Agree with thine adversary quickly - This is still an illustration of the sixth commandment. To be in hostility, to go to law, to be litigious, is a violation always, on one side or the other, of the law requiring us to love our neighbor, and our Saviour regards it as a violation of the sixth commandment. While you are in the way with him, says he, that is, while you are going to the court, before the trial has taken place, it is your duty, if possible, to come to an agreement. It is wrong to carry the contention to a court of law. See 1 Corinthians 6:6-7. The consequence of not being reconciled, he expresses in the language of courts. The adversary shall deliver to the judge, and he to the executioner, and he shall throw you into prison. He did not mean to say that this would be literally the way with God, but that His dealings with those that harbored these feelings, and would not be reconciled with their brethren, were represented by the punishment inflicted by human tribunals. That is, he would hold all such as violators of the sixth commandment, and would punish them accordingly.

There is no propriety in the use sometimes made of this verse, in representing God as the "adversary" of the sinner, and urging him to be reconciled to God while in the way to judgment. Nor does the phrase "thou shalt by no means come out thence until thou hast paid the uttermost farthing" refer to the eternity of future punishment.
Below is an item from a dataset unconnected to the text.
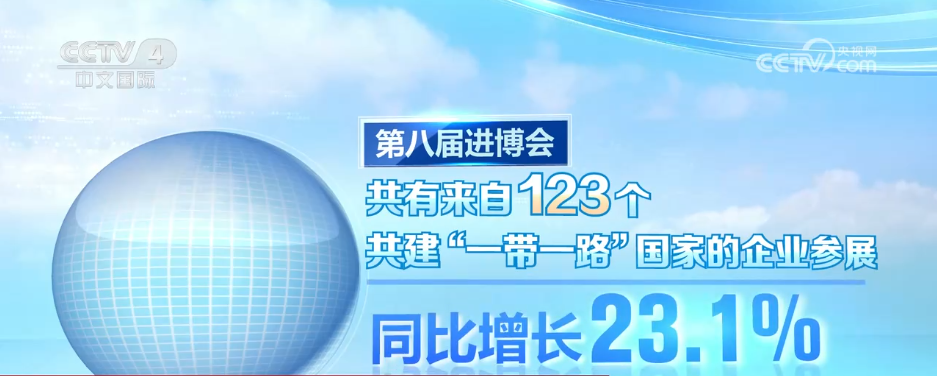 第八届进博会将有155个国家、地区和国际组织参与,4108家境外企业参展,整体展览面积超过43万平方米。其中,有来自123个共建“一带一路”国家的企业参展,同比增长23.1%;非洲企业参展数量同比增长80%。

It is language taken from courts of justice, to illustrate the truth that God will punish people according to justice for not being reconciled to him. The punishment in the future world will be eternal indeed Matthew 25:46, but this passage does not prove it.

Thine adversary - A man that is opposed to us in law. It here means a creditor; a man who has a just claim on us.

In the way with him - While you are going before the court. Before the trial comes on. It is remarkable that this very direction is found in the Roman law of the Twelve Tables, which expressly directed the plaintiff and defendant to make up the matter while they were in the way, or going to the praetor - in via, rem uti pacunt orato. - Blackstone's Commentary, iii. p. 299. Whether the Saviour had any reference to this cannot be determined. As the Roman laws prevailed to some extent in Palestine, however, it is possible that there was such an allusion.

The officer - The executioner; or, as we should say, the sheriff.

The uttermost farthing - The last farthing. All that is due. The farthing was a small coin used in Judea, equal to two mites. It was not quite equal to half a farthing of British money.

Wesley's Matthew 5:25 Bible Commentary

5:25 Agree with thine adversary - With any against whom thou hast thus offended: while thou art in the way - Instantly, on the spot; before you part. Lest the adversary deliver thee to the judge - Lest he commit his cause to God. Luke 12:58.